ZhengPeng7 / BiRefNet

[CAAI AIR'24] Bilateral Reference for High-Resolution Dichotomous Image Segmentation
https://www.birefnet.top
MIT License
1.09k stars 84 forks source link

After the two commits Yesterday the mask the accuracy has dipped #4

Closed rishabh063 closed 6 months ago

rishabh063 commented 6 months ago

image

This was working fine till yesterday but some how with the new changes it doesn't work

I also did a hard reset but it asking for such file or directory: '/root/autodl-tmp/weights/swin_large_patch4_window12_384_22kto1k.pth'

i am downloading and trying it out but idk what happened.Looked at commits cannot see anything major

rishabh063 commented 6 months ago

image after reverting to commit 76ef1cdd31f1ede51664b0ec7d24a942c71f46d3

and downloading swin_large_patch4_window12_384_22kto1k.pth

and putting the swin in /root/autodl-tmp/weights

it works as perfectly .

Can you explain what happened here?

ZhengPeng7 commented 6 months ago

Thanks a lot for pointing it out! I was trying to remove some unnecessary steps to make the inference and evaluation more convenient yesterday. For example, loading the swin_large backbone weights should not be mandatory if you want to test a given well-trained checkpoint. I've checked the inference, it did cause the difference and make the results worse. I'll find the problem and correct it this afternoon (before 3 p.m., UTC-8). You can wait for my reply here once it's done. And thanks a lot for keeping eyes on this proj and finding my stupids! :)

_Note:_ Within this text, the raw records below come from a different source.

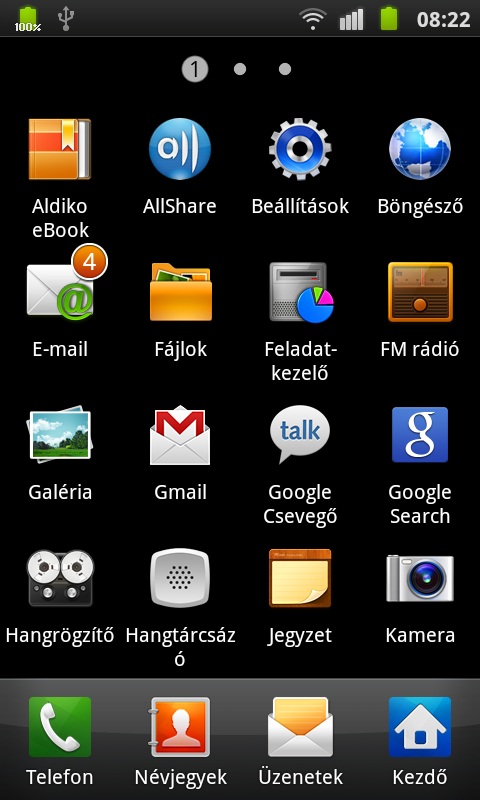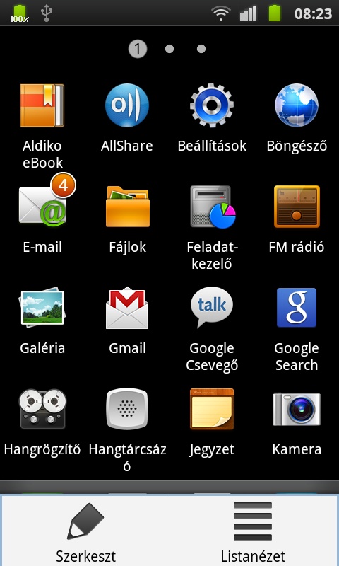 A lenti sorban található ikonokat szintén lecserélhetjük, mégpedig úgy, hogy a főmenüben megnyomjuk a menü gombot, majd a szerkesztést választjuk – ekkor a jobb szélső gombot leszámítva szabadon kitehetjük bármelyik program ikonját a gyorsmenüre. A főmenü testreszabhatósága nem rossz, lehet sorrendet módosítani, de hiányoznak a TouchWiz 4.0-ban látott mappák. Programokból nincs hiány: alapból közel három oldalnyi ikon fogad bennünket, a listát pedig természetesen nyugodtan tovább bővíthetjük az Android Marketről.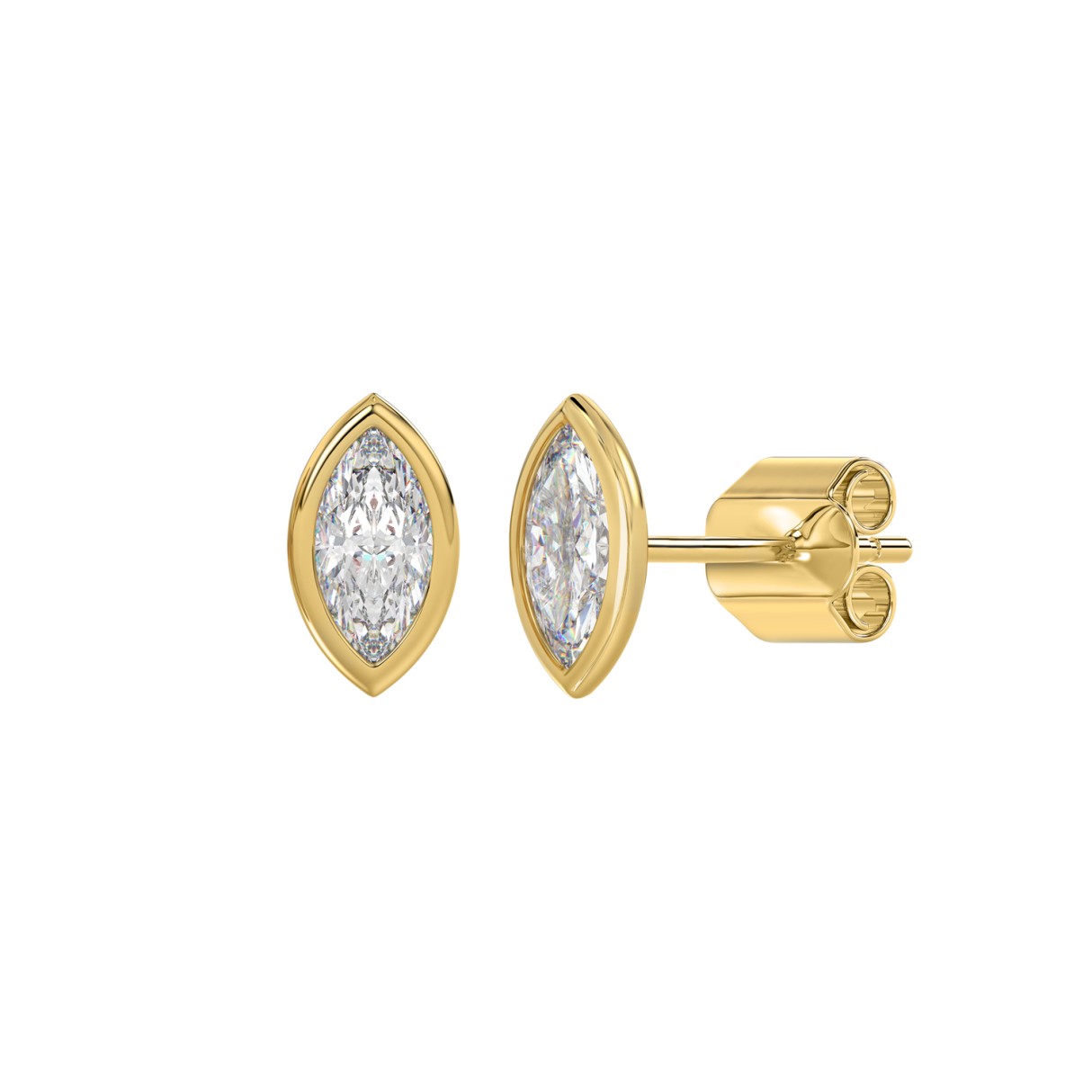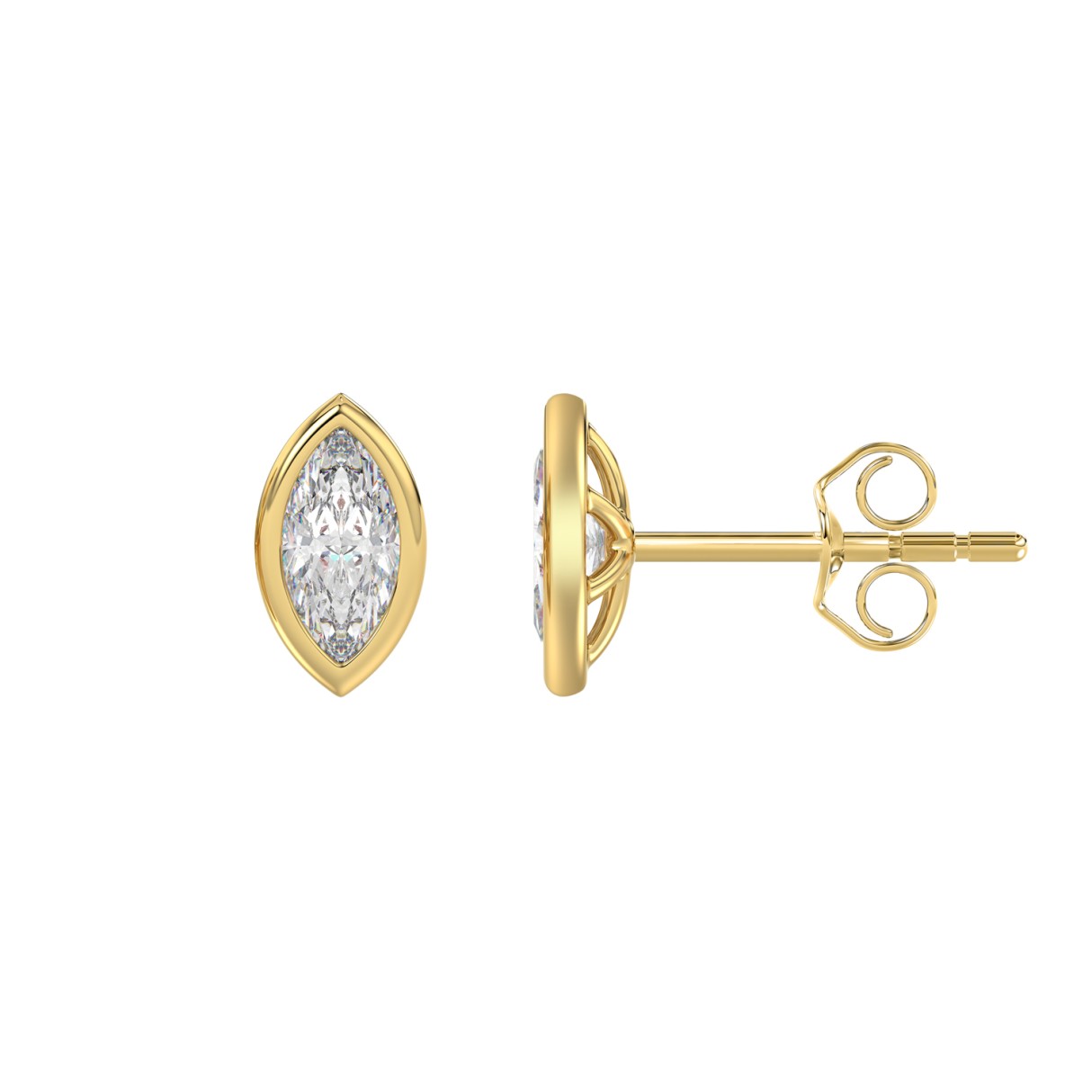LADIES SOLITAIRE EARRINGS 1CT MARQUISE DIAMOND 14K YELLOW GOLD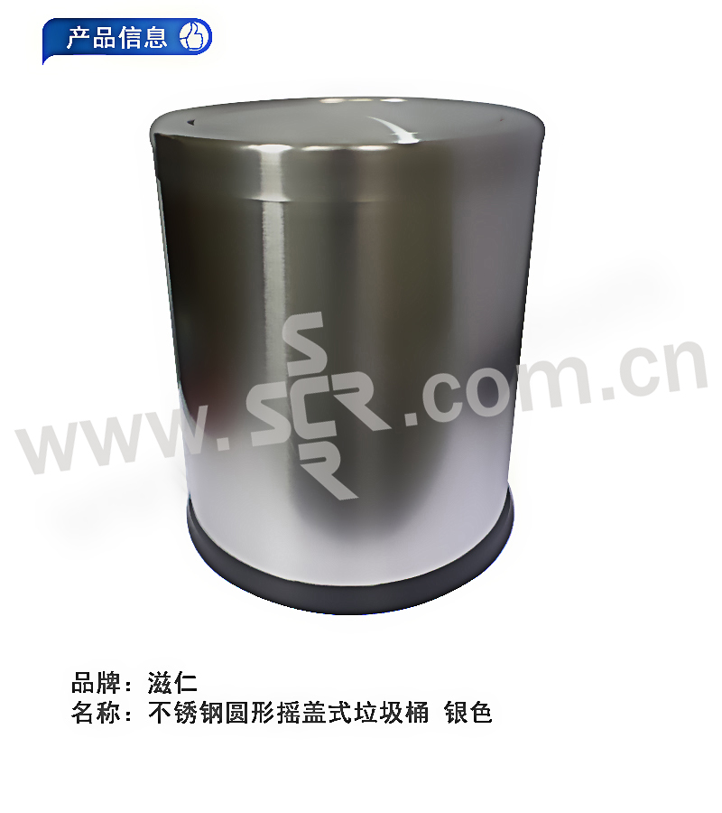 ZIREN/滋仁 不锈钢圆形摇盖式垃圾桶 LT-060 φ255×295mm 6L 不锈钢本色 1个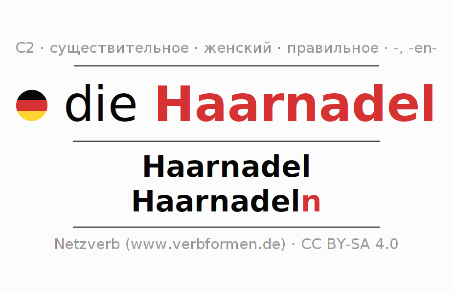 - Единственное число: die Haarnadel, der Haarnadel, der Haarnadel, die Haarnadel

ZhengPeng7 commented 6 months ago

Hi, Rishabh, you can check it again. I just fixed the bug and another bug -- inconsistent usage of resize in cv2 and PIL when load_all is set different for training and inference.

ZhengPeng7 commented 6 months ago

Besides, plz use the new well-trained weights BiRefNet_ep580.pth in the stuff folder.

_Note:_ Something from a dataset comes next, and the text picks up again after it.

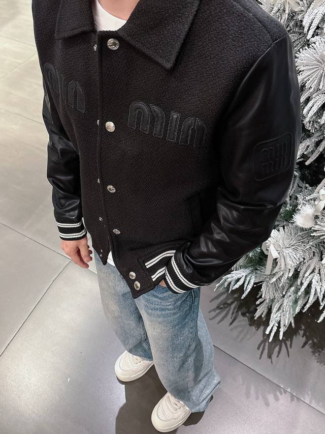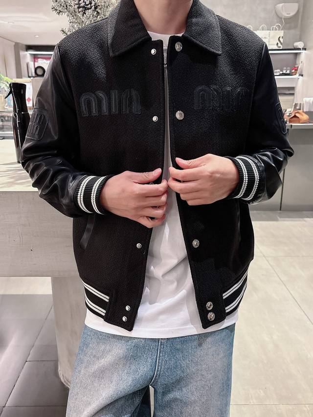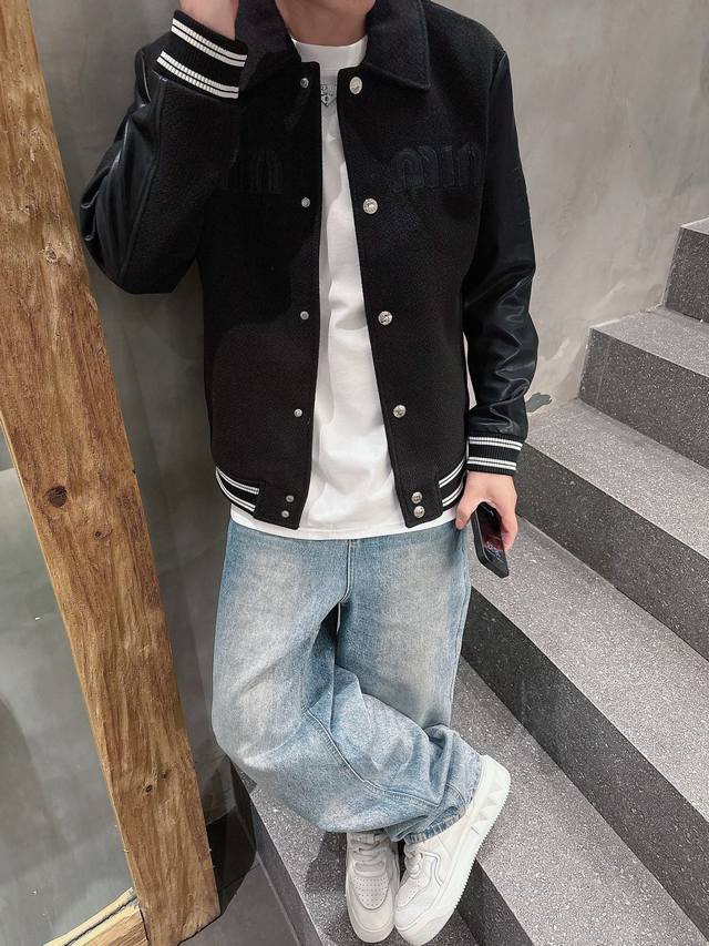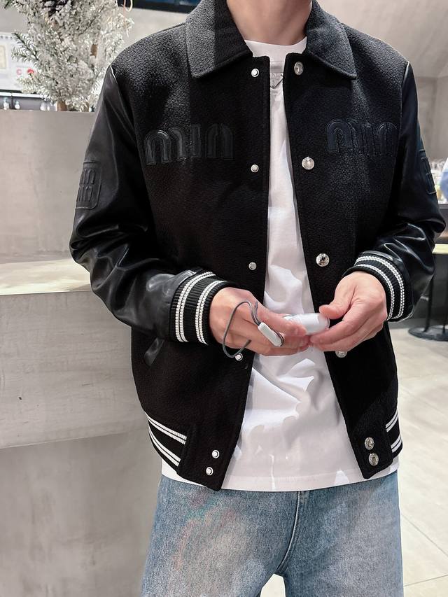 Miumiu 2025 Autumn New Men's Jacket, original single-piece with complete tags, high-end version! Custom-made fabric for superior breathability and comfort, impeccable details, brand elements and design concepts, professional-grade quality. Soft and delicate to the touch! Casual cut, excellent fit! Sizes: M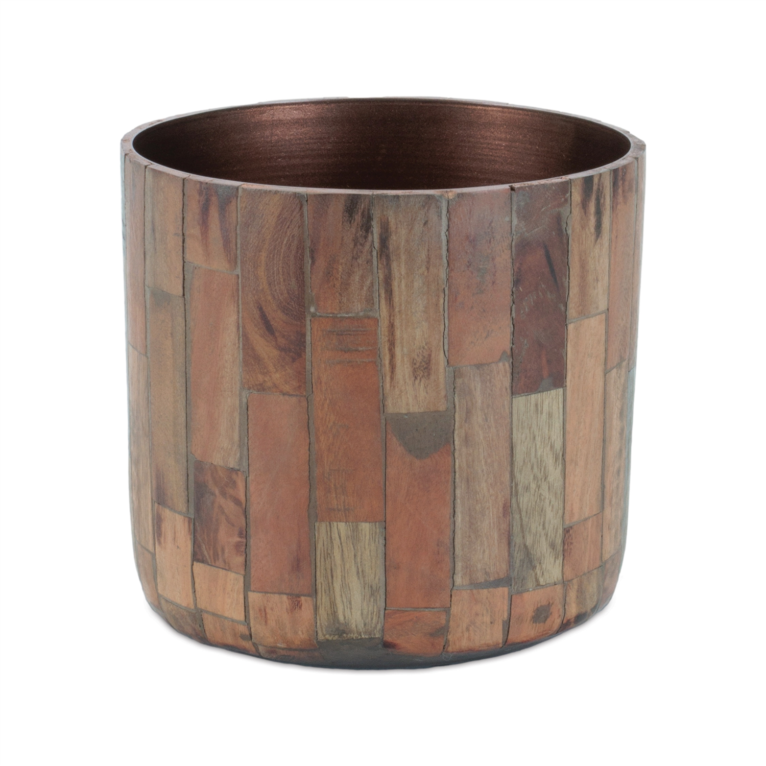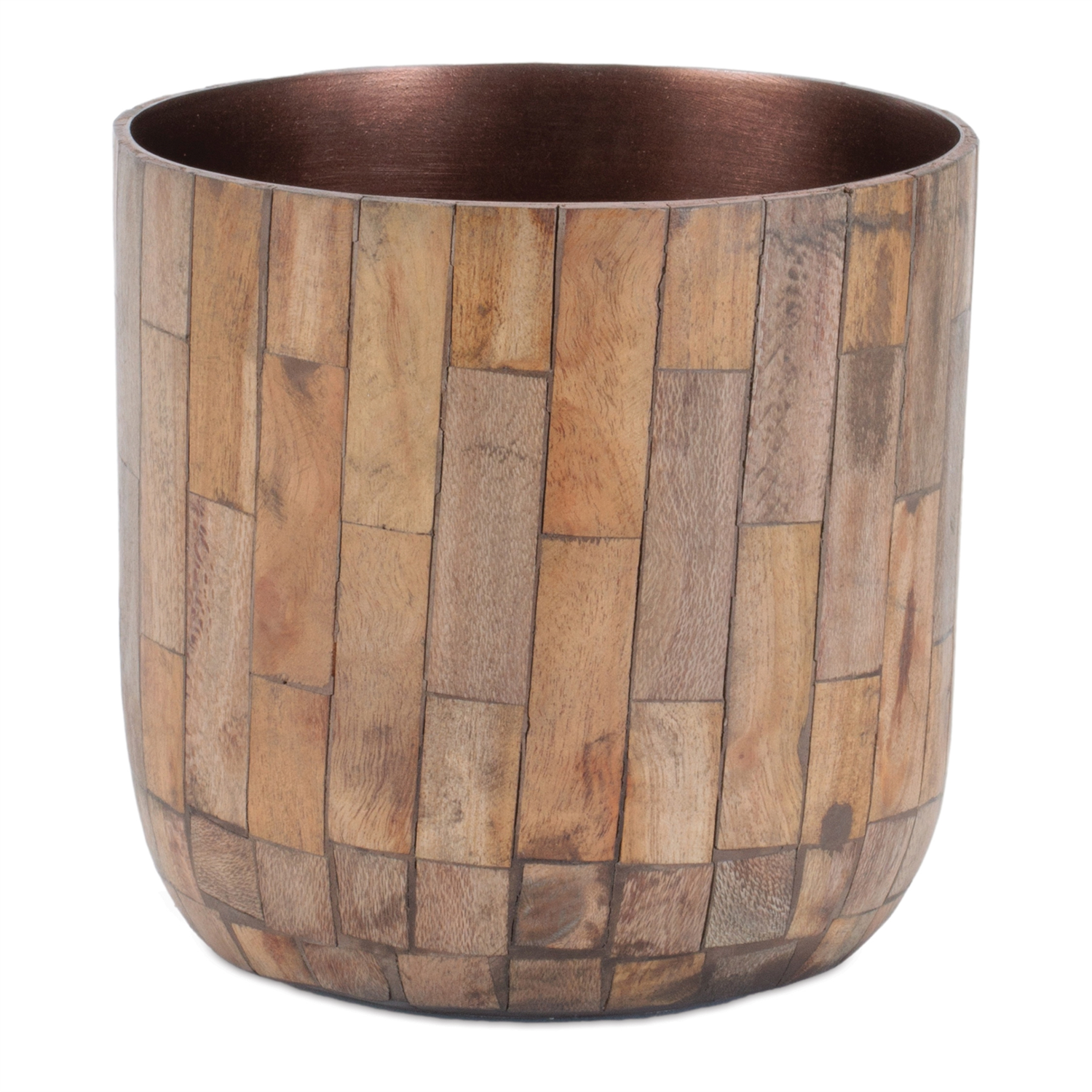 Enhance your indoor space with the Round Wooden Planter Set. Featuring natural brown tones and beautiful wood grain finishes, these planters are lined with chic bronze metal accents for a modern touch. Sold in a set of two assorted sizes, these planters are perfect for displaying real or faux plants. Ideal for indoor use, these planters add a natural, contemporary charm to your home, complementing modern and contemporary decor styles.

rishabh063 commented 6 months ago

Sure i will start using the new one . Can you quickly fill me in on so why was this happening ?

ZhengPeng7 commented 6 months ago

Certainly. I tried to remove some redundant operations and simplify the inference procedure, e.g., generating the Laplacian maps. But I removed some necessary things and triggered a bug. Now the version is correct, and the results are 100% same as the previous ones as I checked. So, feel free to use it with faster inference (demo on huggingface becomes 10x faster).

rishabh063 commented 6 months ago

Oh nice . I will look into it .

Also hows the new model doing ? Is there a significant improvement ?

ZhengPeng7 commented 6 months ago

No improvement in the predicted results -- they are exactly the same as before with the same model. Just remove some processes only for training. If you do the inference on powerful devices with GPUs, it would not be much faster. But if it runs on bad devices like the free space of huggingface, it's much faster.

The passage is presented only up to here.